[lldb-dev] gdb-remote protocol questions

Jason Molenda via lldb-dev lldb-dev at lists.llvm.org
Tue Jan 28 12:29:53 PST 2020


Hi Alexander, sorry for the delay in replying.

The attached unwind log shows that lldb is using the architectural default unwind plan for this target.  You can see where this unwind plan in constructed at

ABISysV_mips::CreateDefaultUnwindPlan

it says to find the caller's pc value at *($r29),

  // Our Call Frame Address is the stack pointer value
  row->GetCFAValue().SetIsRegisterPlusOffset(dwarf_r29, 0);

The default unwind plan says to find the caller's pc value in $r31,

  // The previous PC is in the RA
  row->SetRegisterLocationToRegister(dwarf_pc, dwarf_r31, true);
  unwind_plan.AppendRow(row);

which is fine for frame 0, we can look at $r31, but as soon as we move off of frame 0, we have to find the saved $r31 value on the stack (frame 0 had to spill it to the stack, right).  

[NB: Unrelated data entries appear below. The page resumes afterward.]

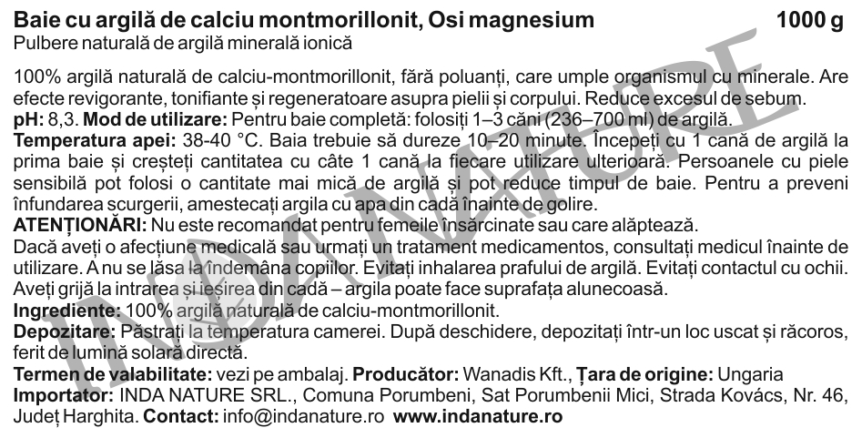 Figyelmeztetések:Nem ajánlott várandós vagy szoptató nők számára.Ha valamilyen egészségügyi problémája van, vagy gyógyszeres kezelés alatt áll, használat előtt konzultáljon orvosával.Gyermekektől elzárva tartandó.Kerülje az agyagpor belélegzését.Kerülje a szemmel való érintkezést.Legyen óvatos a kádba való be- és kilépéskor – az agyag csúszóssá teheti a felületet.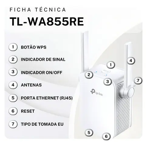 Repetidor De Sinal Wifi Tp-link 300mbps Tl-wa855re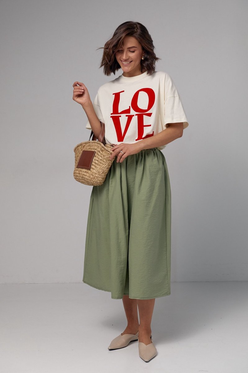 Эта модель имеет свободный крой, с прорезными карманами в боковых швах и на широкой резинке вверху.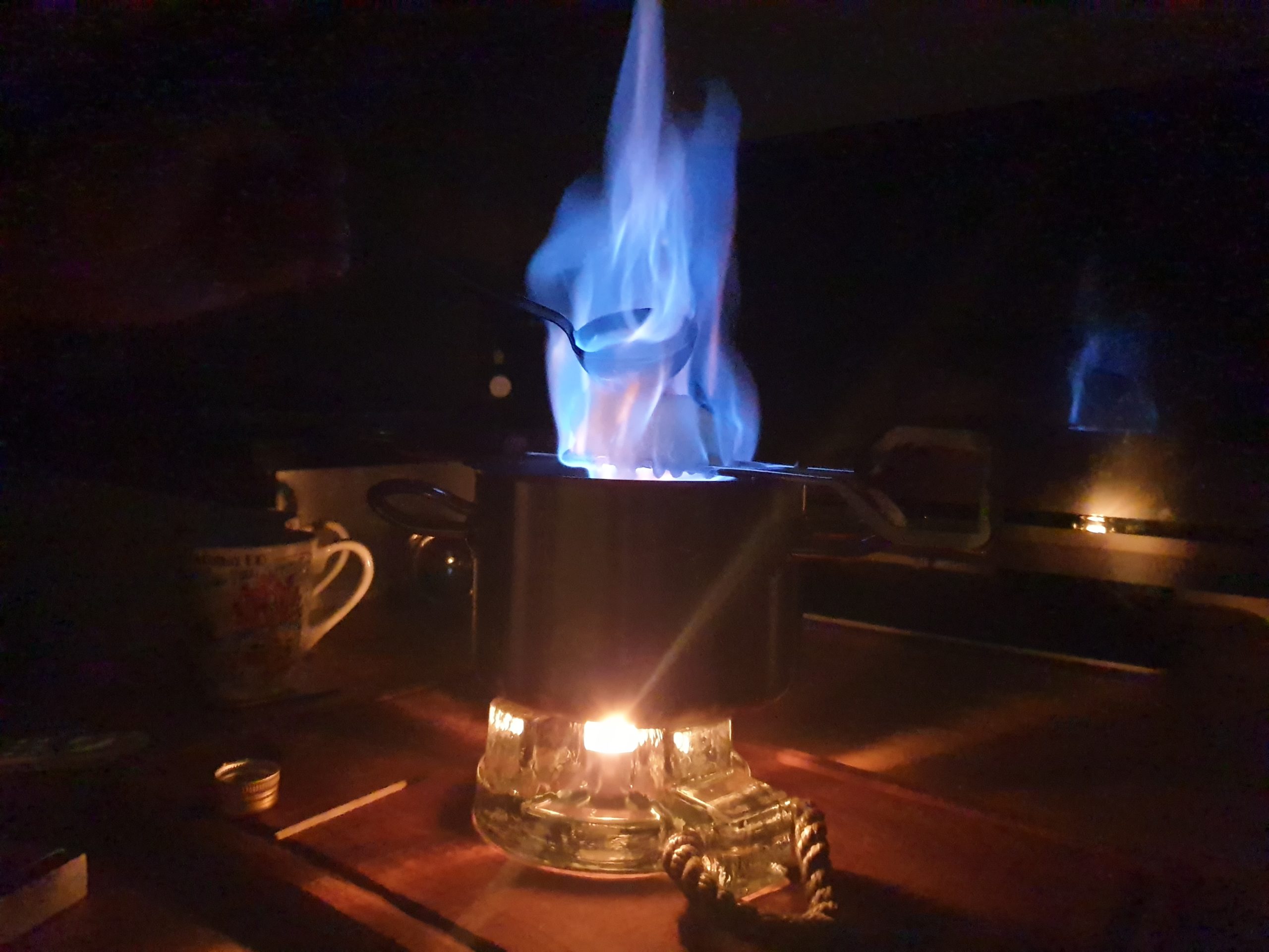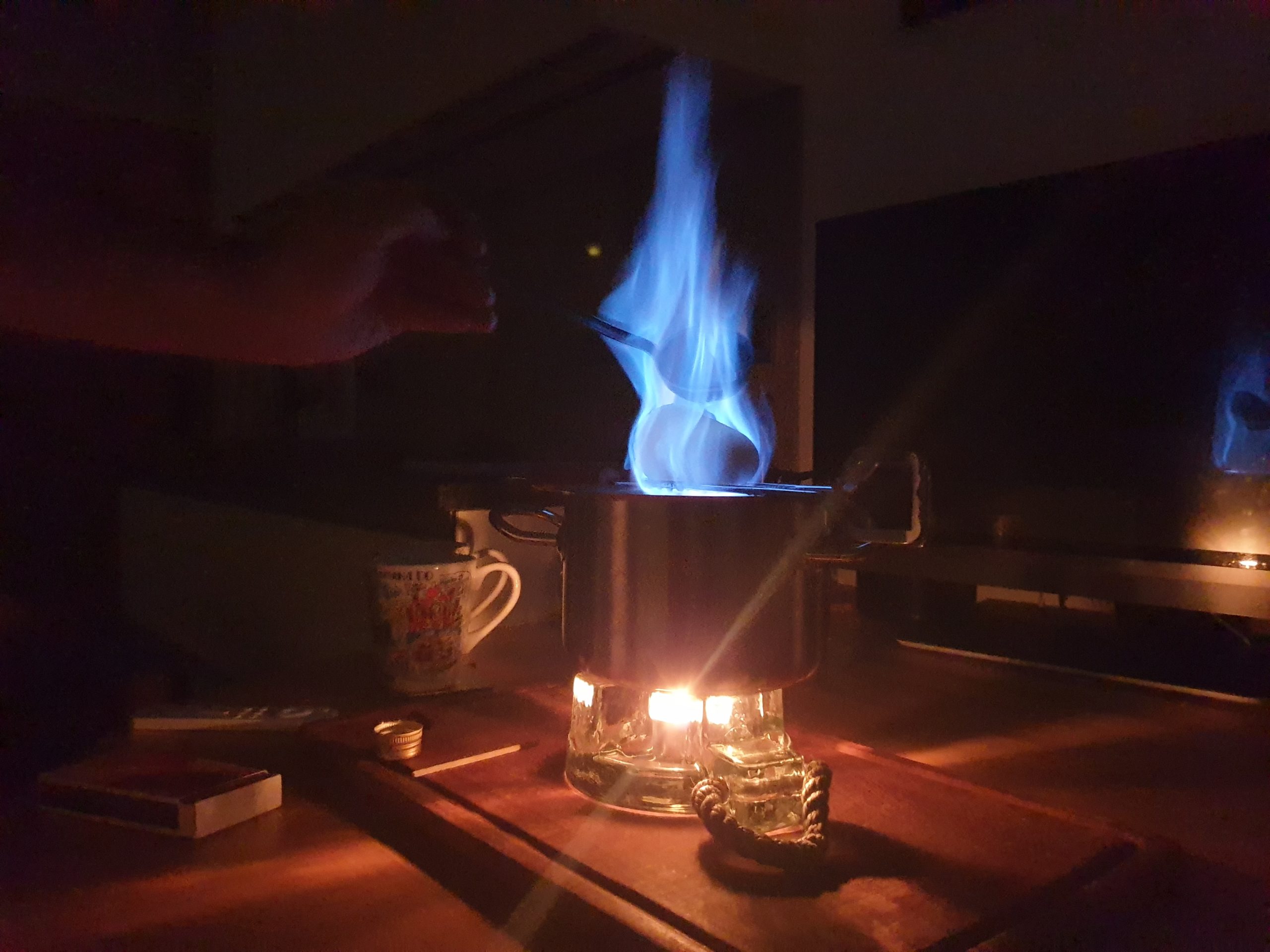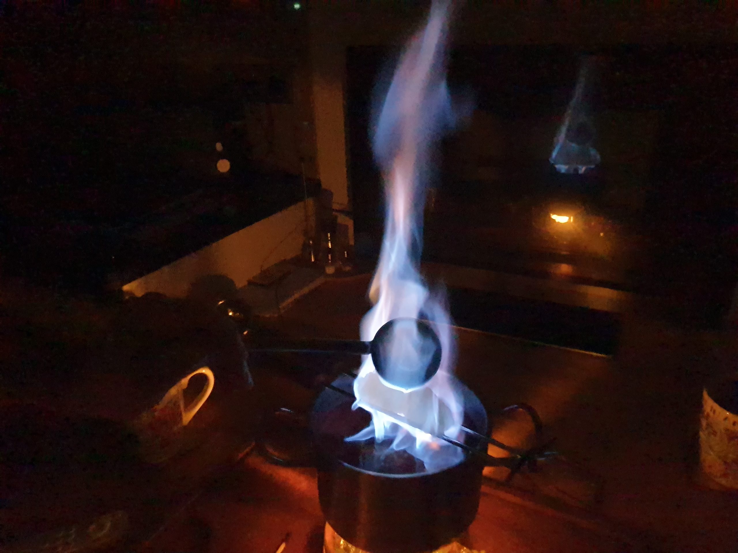 Rechaud anzünden und den Topf darauf stellen. Den Zuckerhut auf die Feuerzange auflegen und mit Rum beträufeln, mit einem Streichholz entflammen. Wird die Flamme kleiner, Rum mit einer Schöpfkelle nachgießen. Die blaue Flamme über Zuckerhut und Feuerzangenbowle lassen sich am Besten im Dunkeln sehen.

Unfortunately we don't have the function bounds of frame 0, we only have the architectural default unwind plan.  This default unwind plan cannot do the right thing except on frame 0.


On other architectures where a return address register is used, like arm, the default unwind plan assumes that the pc and saved frame pointer have been spilled to stack, and there is a convention that they're the first two things spilled to stack.  So we see in ABISysV_arm::CreateDefaultUnwindPlan,

  row->SetRegisterLocationToAtCFAPlusOffset(fp_reg_num, ptr_size * -2, true);
  row->SetRegisterLocationToAtCFAPlusOffset(pc_reg_num, ptr_size * -1, true);

We also have a ABISysV_arm::CreateFunctionEntryUnwindPlan unwind plan that is guaranteed to be valid at the first instruction of a function; it says that the saved PC is in the return address register,

  // Our Call Frame Address is the stack pointer value
  row->GetCFAValue().SetIsRegisterPlusOffset(sp_reg_num, 0);

  // The previous PC is in the LR
  row->SetRegisterLocationToRegister(pc_reg_num, lr_reg_num, true);
  unwind_plan.AppendRow(row);

although I should warn that I'm 99% sure that "nexti" doesn't currently record the fact that it is potentially stepping into a function, so lldb doesn't know to use the FunctionEntryUnwindPlan.  We prob should.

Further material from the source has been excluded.